By Charndré Emma Kippie



The New Norms

Early last month, President Cyril Ramaphosa revealed that his cabinet had approved brand new standards and regulations for safer operations to be implemented in the South African tourism sector. This was decided keeping Covid-19 and other future pandemics in mind.

Talking on the new norms and standards, as well as important health and safety procedures, Acting Minister in the Presidenc,y Khumbudzo Ntshavheni added that:

“This will ensure uniformity across the tourism sector…They will cover services such as accommodation, food, tour operators, casinos, weddings and other related activities.”
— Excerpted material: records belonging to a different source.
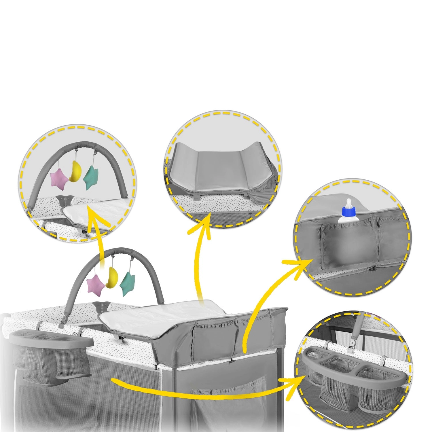 Popolna oprema: previjalna podloga, lok z igračami, stranski žepi in organizator za pleničke in stekleničke. Vključuje zložljivo vzmetnico in transportno torbo.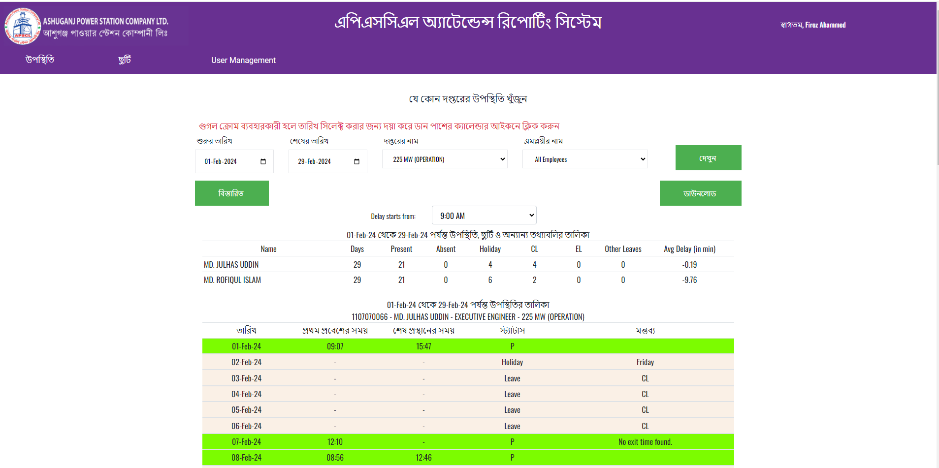 এপিএসসিল তার কর্মকর্তা কর্মচারীদের উপস্থিতি ফেস ডিটেকশন সিস্টেম অথবা ফিঙ্গার প্রিন্টের সাহায্যে নিশ্চিত করে। কর্মকর্তা-কর্মচারীরা এপিএসসিএল পরিচালিত বিভিন্ন স্থানে যেমন মূল বিদ্যুৎ কেন্দ্রের বিভিন্ন এলাকা, ট্রেনিং সেন্টার, মেডিকেল সেন্টার এবং স্কুল-এ কাজে নিয়োজিত থাকে। এই সিস্টেম কর্মকর্তা-কর্মচারীদের প্রবেশ/প্রস্থান সংক্রান্ত ডেটা সমস্ত ফেস ডিটেকশন ও ফিঙ্গার প্রিন্ট মেশিন থেকে নিয়মিত গ্রহণ করে এবং একটি মূল সার্ভারে জমা রাখে। এমআইএস এন্ড আইসিটি বিভাগের নিজস্ব জনবল দ্বারা প্রস্তুতকৃত একটি সফটওয়্যারের মাধ্যমে সকল সুপারভাইজার তার অধীনস্ত কর্মকর্তা কর্মচারীদের বিদ্যুৎ কেন্দ্র প্রবেশ ও প্রস্থান মনিটর করতে পারেন। এই সফটওয়্যার থেকে মানব সম্পদ ও হিসাব বিভাগ উপস্থিতি ও দেরীতে উপস্থিত রিপোর্ট বের করতে পারে। এছাড়াও দরজায় সংযুক্ত ফিঙ্গার প্রিন্ট মেশিন দিয়ে নিয়ন্ত্রিত ম্যাগনেটিক তালার সাহায্যে এই সিস্টেম অনুমোদিত প্রবেশ নিশ্চিত করে।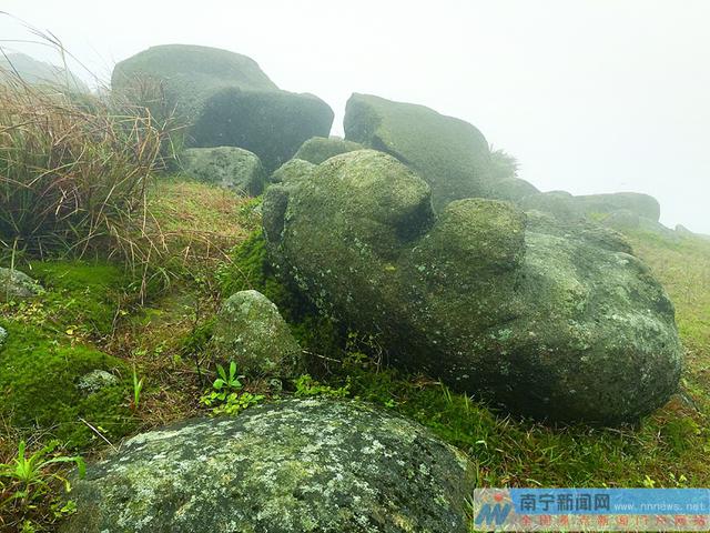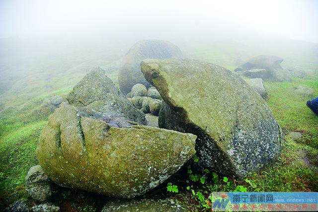 经过2个小时的跋涉,记者一行终于爬到山顶。山顶的雾气十分重,能见度不到10米。山顶随处可见形状各异的怪石,有的横看就像一只躺着的熊猫;有的从中间劈成两半,就像被鬼斧劈开一样……村支书告诉我们,以前名山村青年男女到了婚嫁年龄,就来到山顶石堆,坐在石头上唱山歌找对象。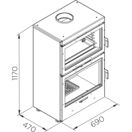 Poele-Four version d’angle. Caractéristiques Four: Capacité de 55 litres, base et fond de réfractaire et côté en acier inoxydable. Avec thermomètre et un plateau. Caractéristiques Poêle: Intérieur en verméculite avec registre d’air primaire et secondaire. Comprend grill et tiroir à cendres.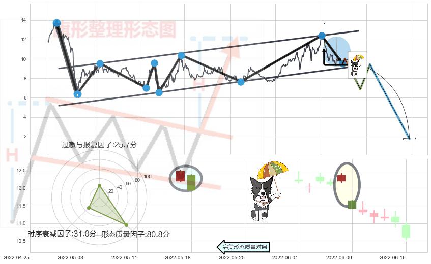 ➢ 🕰 价格走势在2022-05-23至2022-06-06期间形成下跌镊子线(n形磁铁),残存影响值:-2.81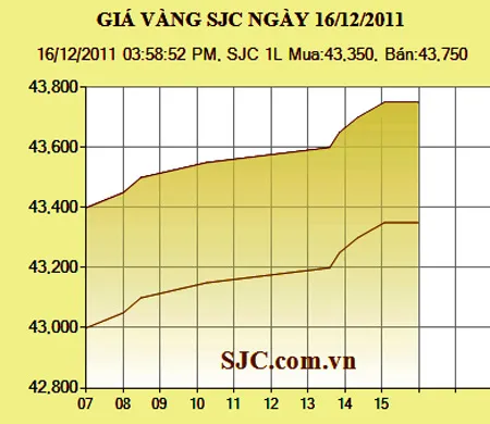 (SGGPO).- Chốt giá chiều nay, 16-12, giá vàng tăng 350.000 đồng/lượng so với giá cuối chiều qua ở mức 43,75 triệu đồng/lượng, trong khi đó giá vàng giao ngay trên sàn London giao dịch ở mức 1.592 USD/ounce.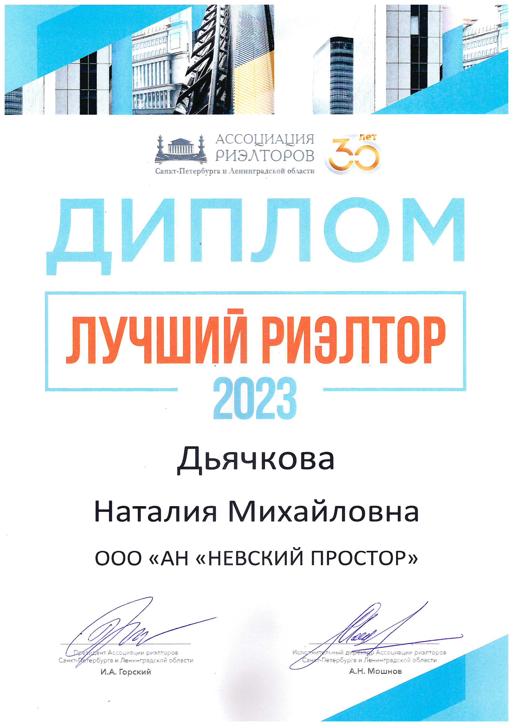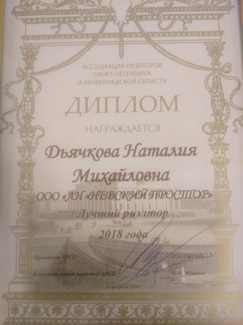 Выражаю огромную благодарность Дьячковой Наталии Михайловне, которая помогла купить квартиру в СПб, специалист высокого уровня, постоянно на связи, грамотно подходит ко всем мелочам, очень коммуникабельна, ответственна. Буду рекомендовать Вас и Ваше агенство знакомым. Также спасибо Левчук Андрею Викторовичу. Надежное агенство, замечательные специалисты.

Acting Minister Ntshavheni also noted that the launch of these new regulations should place South Africa on the same level as international markets, and may enable the tourism sector to be completely open for international tourist arrivals.

As of recently, the country has maintained its open borders for incoming international tourists, as a result of eased lockdown restrictions which occurred mid-2020. Unfortunately, however, other countries have not reciprocated in this approach, and South Africans are facing strict travel restrictions.

This situation has also had an impact on tourists who are hesitant to visit South Africa due to the difficulties experienced when returning home. 


SA Tourism Struggles

  • The Tourism 2020 report, composed by Statistics South Africa, indicates that all foreign arrivals in the country had dropped by 71% from just over 15, 8 million in 2019.
  • This number then dropped by 5 million in 2020. 
  • The overall number of travellers (arrivals and departures) decreased by 71,0% between 2019 and 2020. 
  • The overall number of travellers decreased by 50,7% over a 15-year period from nearly 24,6 million recorded in 2006 to 12,1 million travellers recorded in 2020.


Revitalising the Sector: Africa’s Travel and Tourism Summit

It’s not all ‘doom and gloom’, as Africa’s Travel and Tourism Summit (ATTS) is set to reinvigorate the continent’s (and South Africa’s especially) travel sector in an effort to remedy the devastating effects of the Covid-19 pandemic.

The Department of Tourism and South African Tourism recently announced that they’d be hosting Africa’s first ever Travel and Tourism Summit from 19 to 21 September 2021 –  which will take the form of a hybrid summit. 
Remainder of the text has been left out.